The design of the noise-shaping algorithm, in a real sense, is the sound of the delta-sigma and single-bit converter, since the converter would sound (and measure) far worse without it. Although DSD purists throw up their hands in horror at "hybrid" PCM/DSD systems, I'm not too sure they're all that different from each other, at least in terms of what's going on in the converter. Both types of converter have "native" resolutions in the 5 to 6-bit range, and use dither-noise and noise-shaping algorithms to extend linearity and dynamic range to 24-bits or more.
Single-bit converters are delta-sigma converters on steroids: the level of dither is considerably higher, and the order of noise-shaping is greater. This puts a steeper burden on the noise-shaping design team to avoid idle tones, program-driven changes in noise level, and other noise-shaping artifacts (which do not show up in steady-state measurements). See the ESS presentation at:
This is a once-over-lightly on the problems of noise-shaping; it only touches the surface of a very complex area of digital design. The most important AES papers are behind the AES pay-wall, and you need a pretty good understanding of mathematics to follow what they're talking about. This is also an area of vendor secrecy: the key differences between different delta-sigma converters are proprietary, and probably only known to the design team that designed the chip. If you sign a non-disclosure agreement (NDA) the vendor will tell you more than the bare-bones spec sheet and application notes, but that's not the whole story. Remember, it's the noise-shaping algorithm that gives a delta-sigma converter it's sound, and that's the part they're not telling you.

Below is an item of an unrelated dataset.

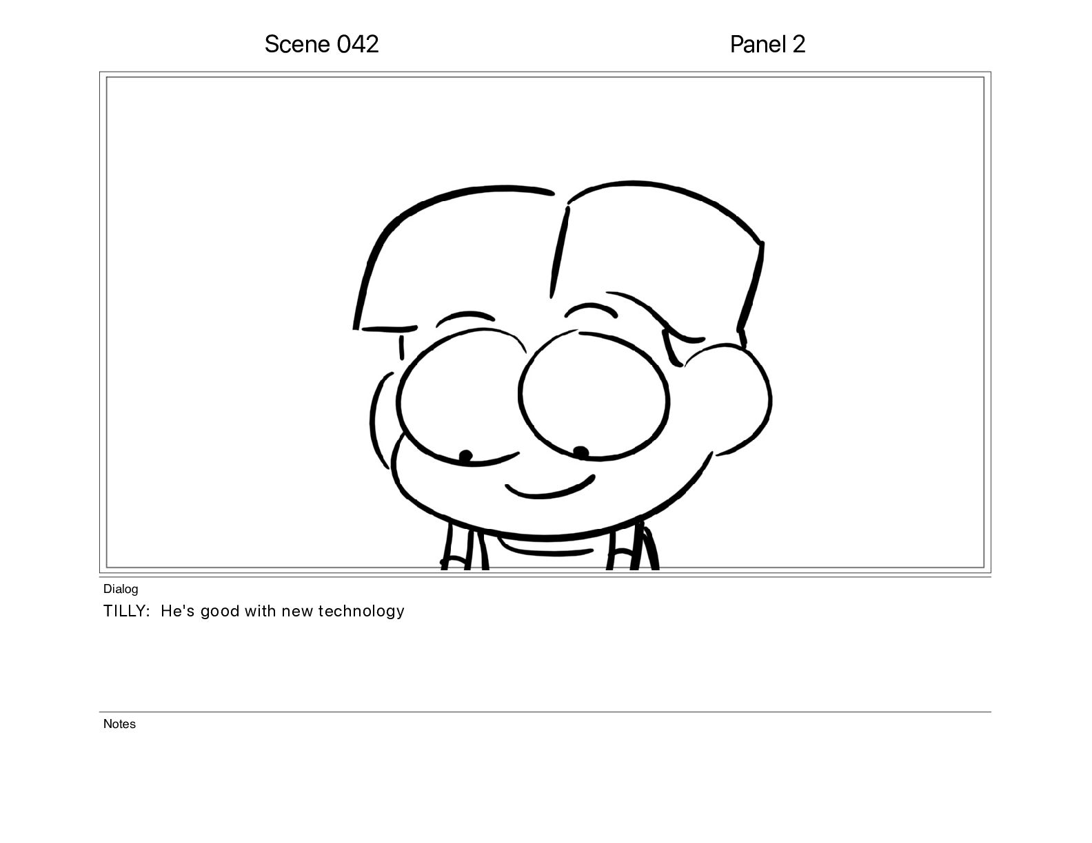 Scene 042 Panel 7 Dialog TILLY: He's good with new

I suspect many delta-sigma converters with a DSD input might not be switching all of the switches from 0000 to 1111 at the same time, which would emulate a Sony-type, late-Eighties single-bit converter. It might sound a little weird, but a simpler method would be to internally translate DSD into short word-length PCM patterns, taking advantage of the dynamic range of the 5 to 6 switches (partial analog, as it were). That relaxes the severe noise-shaping demands of DSD back to the realm of "conventional" delta-sigma converters. It's the requirement to linearize a single on-off switch that causes all the trouble; it takes much less noise-shaping to linearize 0.006% distortion (6-bits at 256fs) than 2% distortion (1-bit at 64fs).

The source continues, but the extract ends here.